MAST20034 · Critical Thinking With Data
Frameworks for Inference
Week 7 is where statistical inference appears — but, true to the subject, it is taught as interpretation, never calculation (there is no calculator on the exam). The question is: how can one sample speak for a whole population, and how confidently? You meet estimation — a point estimate versus a confidence interval — underpinned conceptually by the sampling distribution and the Central Limit Theorem (why sample means cluster normally around the truth). The high-value, high-trap content is interpreting a CI correctly and knowing precisely what it does not mean (it is not a 95% probability for this one interval, nor a range for individual values). You then walk the NHST reasoning chain — null vs alternative, the P-value and its common misreadings (it is not the probability the null is true), Type I vs Type II error and power — and close on the assumptions behind these tools and the frequentist vs Bayesian framing. Exam answers here are pure interpretation: read the output, state what it licenses, and avoid the classic misreads.
What this chapter covers
- 017.1 Estimation: point estimate vs confidence interval
- 027.2 The sampling distribution and the Central Limit Theorem (conceptually)

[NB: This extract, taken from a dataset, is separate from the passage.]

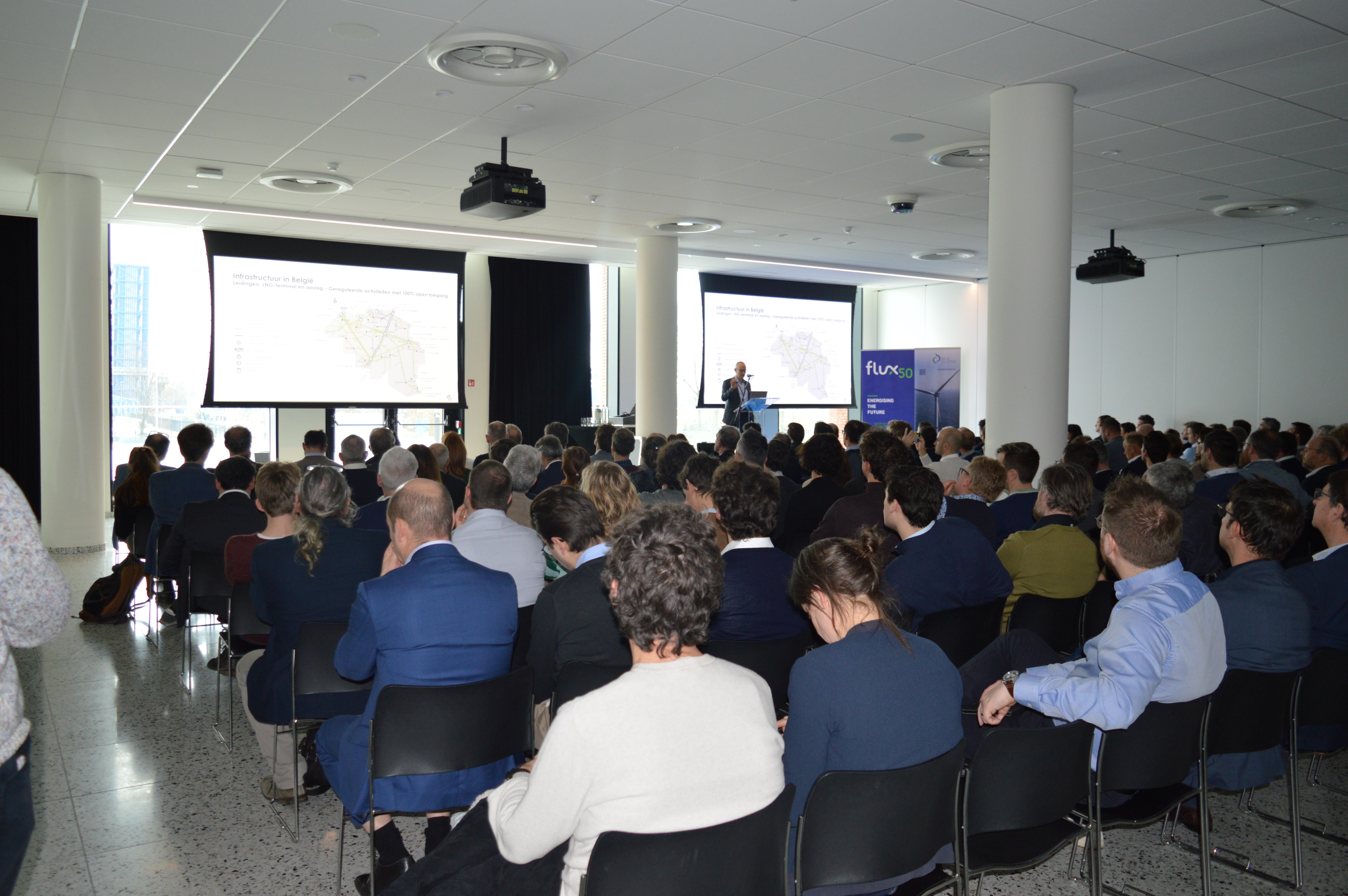 Op donderdag 16/02 cruisden zo'n 200 deelnemers door Zeebrugge. De Blauwe Cluster en Flux50 sloegen de handen in mekaar voor een rijkelijk gevuld programma. Centraal stond het grootschalig energiesysteem van morgen en zijn stakeholders waarin een belangrijke rol is weggelegd voor de havens als energiehubs.

- 037.3 Interpreting a confidence interval — and what it does NOT mean
- 047.4 The NHST reasoning chain and the P-value (with the common misreadings)
- 057.5 Type I vs Type II error and statistical power
- 067.6 Assumptions, and frequentist vs Bayesian framing
Interpreting a confidence interval correctly, mark by mark
- +1Correct interpretation: we are 95% confident the interval [2, 8] captures the true mean effect — meaning that if we repeated the study many times, about 95% of the intervals so constructed would contain the true value.
- +1Name the error: the student commits the classic probability-of-the-parameter misreading — once computed, the interval either does or does not contain the fixed true value, so no probability attaches to this one interval.
- +1Apply the substance: because the whole interval lies above 0, the effect is statistically significant and positive (the drug lowers blood pressure by a plausibly 2–8 mmHg).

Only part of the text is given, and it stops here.